- _THE TASK_: Skip the pictures. Set down, word for word, the lines from the start of the material up to and including the line with "Nearly half of".

- _SUPPLIED MATERIAL_:
/---

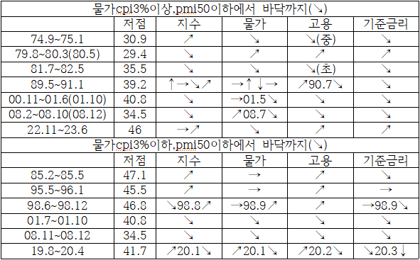 물가 3%이하에서 pmi가 50밑으로 내려가고 나서 바닥을 찍기 전까지 년월도 기록하였습니다.
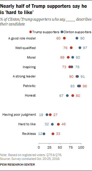 Nearly half of Trump’s supporters (46%) say he is hard to like, while a third describe him as reckless. Smaller shares of Clinton supporters say she is hard to like (32%) or reckless (12%).
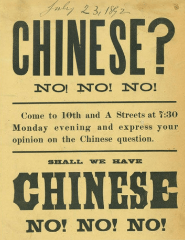 Anti-Chinese clubs sprang up around California starting in the 1860s. Cities like San Francisco passed discriminatory ordinances making it illegal to carry baskets on the sidewalks or for men to grow their hair a certain length. Chinese people were routinely harassed and expelled from their homes and places of work.

\---

- _ANSWER TO THIS PROBLEM_:
 물가 3%이하에서 pmi가 50밑으로 내려가고 나서 바닥을 찍기 전까지 년월도 기록하였습니다.
 Nearly half of Trump’s supporters (46%) say he is hard to like, while a third describe him as reckless. Smaller shares of Clinton supporters say she is hard to like (32%) or reckless (12%).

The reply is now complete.